Auf „eine gute Truppe“ setzt Stefan Bung, Sportlicher Leiter des Landesliga-Aufsteigers TuS Oberpleis. Die wird es brauchen, geht es doch gegen den Regionalligisten Bonner SC. „Es ist immer ein besonderes Ereignis, im Bitburger-Pokal mitspielen zu dürfen“, findet Bung, der als Trainer 2022 den 1. FC Spich ins Halbfinale gegen Viktoria Köln geführt hat. Zwar haben sich mit Keeper Sebastian Klein und Mittelfeldspieler Tim Becker zwei langjährige Größen aus Oberpleis verabschiedet, doch einen größeren Umbruch gab es nicht. Daher kann man mit bewährten Kräften versuchen, dem Favoriten ein Bein zu stellen.

Im Schaebens-Pokal der Frauen gibt es eine Neuauflage

Nicht minder anspruchsvoll ist der Wettbewerb im Schaebens-Pokal der Frauen. Titelverteidiger S.C. Fortuna Köln will erneut durchstarten. „Wir wollen den Pott in der Südstadt behalten“, betont Achim Stuhr, Frauen-Abteilungsleiter bei der Fortuna. Der Auftakt hat es aber in sich: Es geht zum Regionalliga-Aufsteiger DJK Südwest Köln. Damit kommt es zur Wiederauflage des 2025er-Finals, das die Fortuna mit 3:1 gewann. Jule Brockerhoff, einst Fortuna-Spielerin und inzwischen Trainerin der DJK, freut sich auf den Vergleich: „Es ist ein schweres, vielleicht sogar das schwerste Los. Aber wenn man im Schaebens-Pokal bestehen will, müssen wir an jedem Gegner vorbei. Wir werden auf jeden Fall einen richtig schönen Pokalabend daraus machen.“

Emilie Schmidt, Vorsitzende des Verbandsausschusses für Frauenfußball und Pokalspielleiterin, freut sich auf den Wettbewerb: „Ich bin gespannt auf die Wiederauflage des Finales. Aber auch die anderen Partien lassen spannende Spiele vermuten.“ Das hofft man auch beim Bezirksligisten VfL Kommern, der auf den Vizechampion und Regionalligisten Vorwärts Spoho Köln trifft. „Das ist ein ähnlicher Hammer wie in der letzten Saison Alemannia Aachen. An so einem Spiel kann man nur wachsen. Wir werden versuchen, etwas für den gesamten Klub daraus zu zaubern“, erklärt Sascha Wagner, Abteilungsleiter Frauen- & Mädchen in Kommern.

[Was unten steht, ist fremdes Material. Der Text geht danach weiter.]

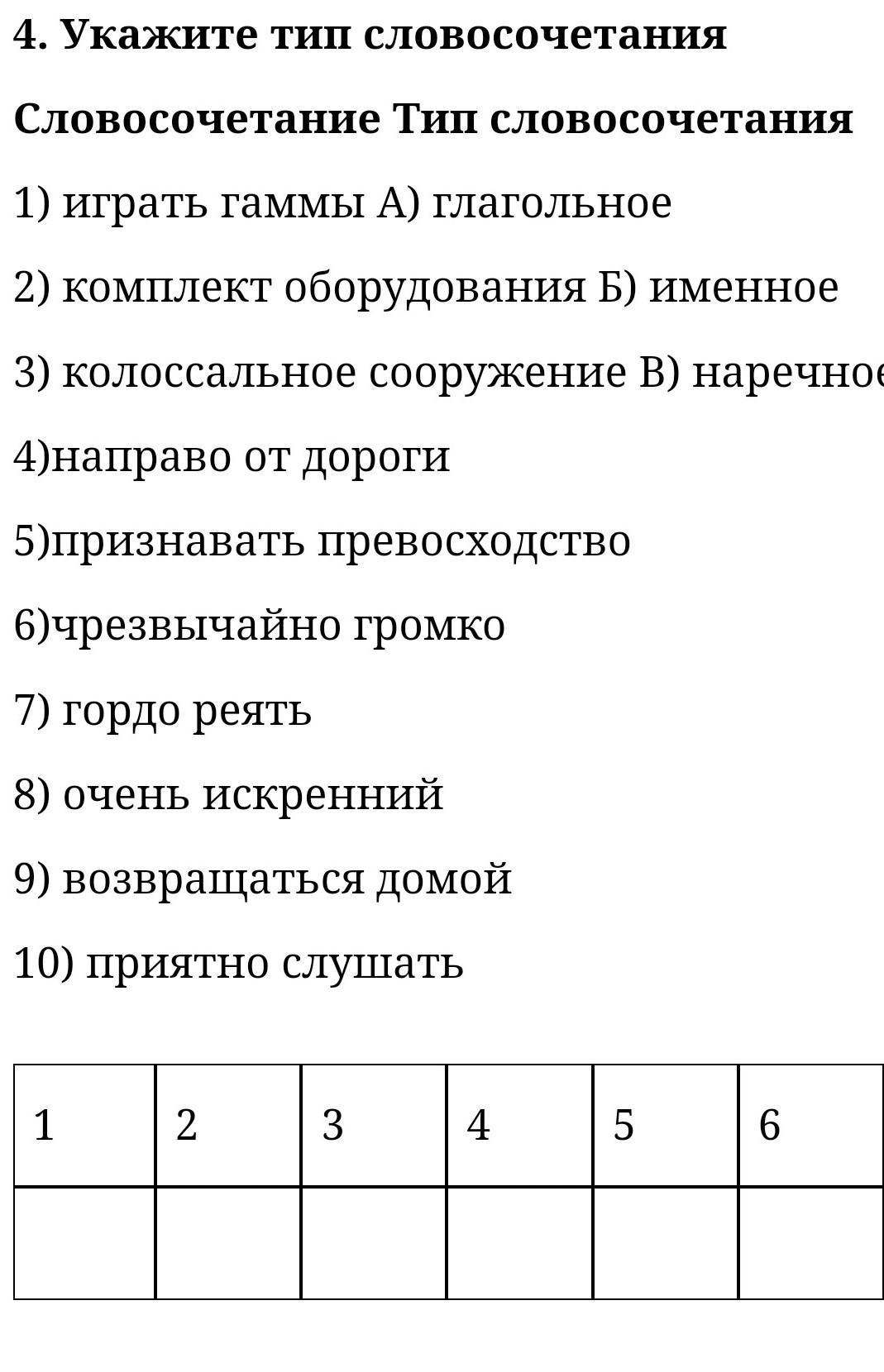 Укажите тип словосочетания Словосочетание Тип словосочетания 1) играть гаммы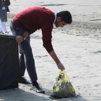 The school's community service society organized a beach cleaning trip in which 78 students, including me participated.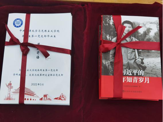 集体宣誓后,孙丽玉代表学院29名本科毕业生党员发了言。刘思思代表学科建设处、发展与改革研究室联合党支部,向我院本科毕业生党员每人赠送一本《习近平的七年知青岁月》,毕业生党员则回赠了由全体毕业生用诗词、书画、寄语等合集而成的暖心礼物。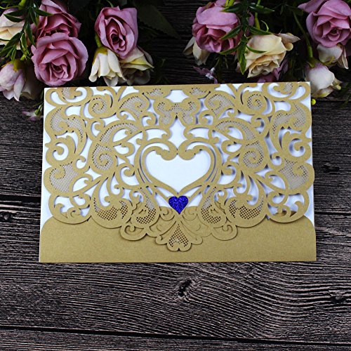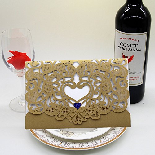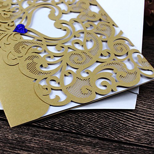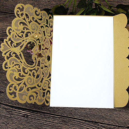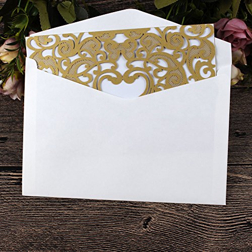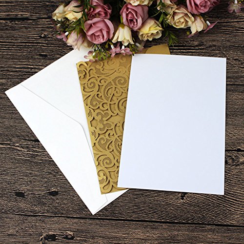 Wedding Invitation Card 50 pack, FOMTOR Laser Cut Wedding Invitations Kit with Blank Printable Paper and Envelopes (Gold+ White)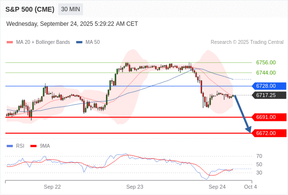在 6728.00 之下,看跌,目标价位为 6691.00 ,然后为 6672.00 。

Acht Teams hoffen auf erfolgreiche Play-Offs

Das Teilnehmerfeld im Schaebens-Pokal der Frauen besteht aus 16 Mannschaften. Für das Achtelfinale sind neben den neun Kreispokalsiegerinnen die in der Frauen-Regionalliga West spielenden Teams des FVM qualifiziert. Um die weiteren vier freien Plätze spielen die acht Zweitplatzierten der Kreispokalwettbewerbe jener Kreise mit den meisten im Kreispokal gemeldeten Teams in Relation zur Gesamtzahl am Spielbetrieb teilnehmender Frauenmannschaften in Play-Offs. Aufgrund dieses Quotienten sind dabei in diesem Jahr die Zweitplatzierten der Kreise Bonn, Köln, Sieg, Berg, Euskirchen, Rhein-Erft, Düren und Heinsberg dabei. Die Play-Off-Runde wird vor Meisterschaftsbeginn im FVM am 6. September gespielt, die Achtelfinals folgen am 7. und 8. Oktober. Das Finale im Schaebens-Pokal steigt am 6. Mai 2027 (Christi Himmelfahrt).

Fairness hat sich bezahlt gemacht

Im Bitburger-Pokal waren neben den teilnahmeberechtigten Regional- und Drittligisten aus dem FVM-Gebiet alle teilnahmeberechtigten Mittelrheinligisten vorqualifiziert, hinzu kamen die in den Bitburger-Kreispokalen erfolgreichen Teams. Die restlichen freien Plätze wurden an die am besten platzierten Teams im WestLotto-Fair-Play-Pokal der Herren vergeben, die sich nicht bereits anderweitig qualifiziert haben.